Friday, February 4, 2011

Connections

Alla and I spent the afternoon at the Belarus National Library today. We both like this place, and not just for the books. They have an excellent and inexpensive cafeteria, great views, comfortable reading tables, and even couches in some of the reading areas. We spent a lot of time there last year, but the first time we came back this year Alla forgot where to put her library card to release the entry gate and a new guard asked her if this were her first visit to the library. Oh no, said the other guard, she’s been here lots of times.


Today we started with lunch, and then Alla took me up to the new-books display room. Before people are allowed to check out a new book, it stays in this room for two weeks on open shelves. Everybody can read the books here, but we cannot check them out. This is great advertising, because curious people habitually come in to see what’s new. Alla had been in a few days earlier and wanted me to see some beautiful new picture books about historical places of Belarus.

When we came downstairs, Alla went to pick up the books she had checked out and I went to a different librarian to get the books I’d checked out. I was surprised to see a history book I hadn’t asked for. It turns out that Alla had requested that book previously, but had gone home before the book was delivered from the closed stacks. Alla didn’t have any books checked out at that moment, so the librarian didn’t have a place to put her unclaimed book. Knowing that Alla was my wife, she found my books and put Alla’s history book with my language books.

So, there we were, reading our books. After a while Alla remembered her scarf, which she’d worn into the cafeteria but had not seen since. Oops! She rushed back to the cafeteria and breathlessly asked about her scarf. "Oh," said the administrator, "it’s safe in my office."

As Alla returned past the security guard on her way back from the cafeteria, the guy said, “See, everything is alright. You had nothing to worry about.” Alla explained that she had worried because the scarf was from Scotland and would have been difficult to replace. “Oh,” the guard replied, “your North American blood is beginning to show through.”
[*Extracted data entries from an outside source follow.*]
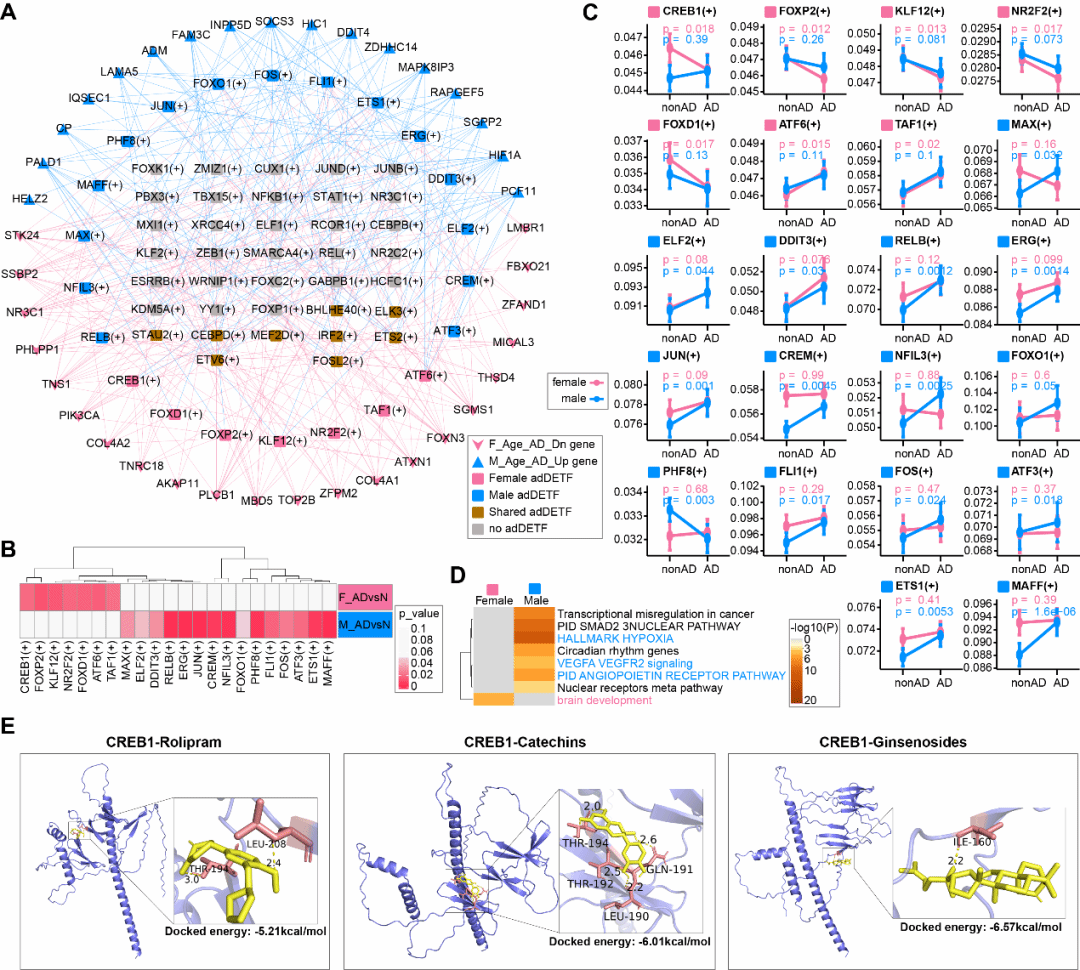 在机制方面,该文研究发现,在阿尔茨海默症(AD)早期阶段,男性出现显著增加的缺氧反应特征,而女性则表现出显著的抗原表达特征。与缺氧密切相关的通路如EGF/EGFR信号通路和生长因子刺激的细胞反应在男性AD早期显著增加,尽管在疾病晚期持续增加,但显著性有所下降。该研究提出,女性在正常衰老过程中,由于激素特异性变化抑制了低氧应答,导致血管生成功能障碍。已有研究表明,雌激素能够通过非基因组机制快速磷酸化CREB,而磷酸化的CREB能够正向调控VEGF来促进血管生成,从而影响氧气灌注并损害认知功能。基于此,课题组搜集了目前已发现的靶向CREB的药物,包括咯利普兰(rolipram)、儿茶素(Catechins)、人参皂苷(Ginsenoside)。通过分子对接实验,他们发现这三种化合物可以稳定地与CREB1结合,具有作为治疗女性AD的潜力。(孟媛/文、图)
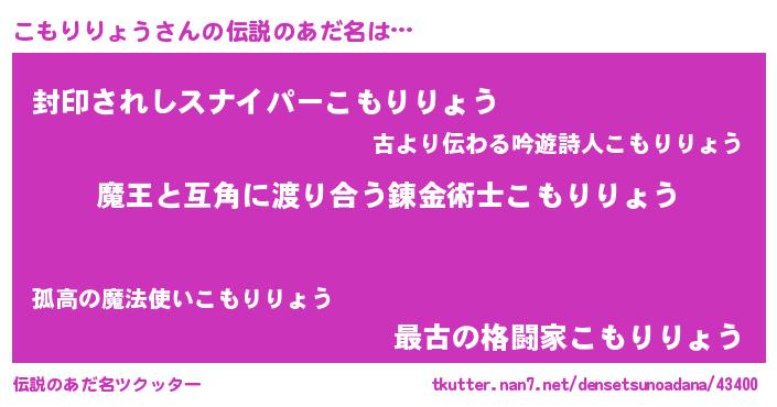 | 意味不明あだ名 | 『自称こもりりょう』 |
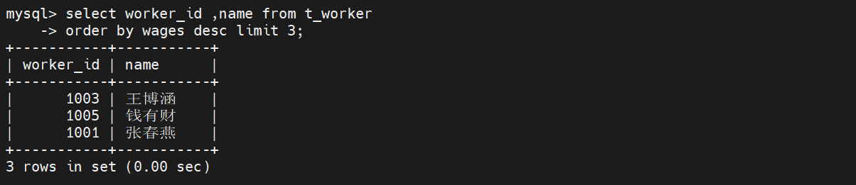 在t_worker表中,先降序排列工资,再返回前3行的结果,最后输出。

Alla came back downstairs contemplating the database these guys must have, that he knew she lived in North America. I think it didn’t actually require anything so fancy. I’m pretty sure he noticed that we were married, and he surely knows that I’m an American. The minute I say a full sentence everybody seems to know that. But it’s really nice to be noticed. From the coat check room to the administration, we feel like we’re dealing with acquaintances who recognize us as individuals. It’s a great experience.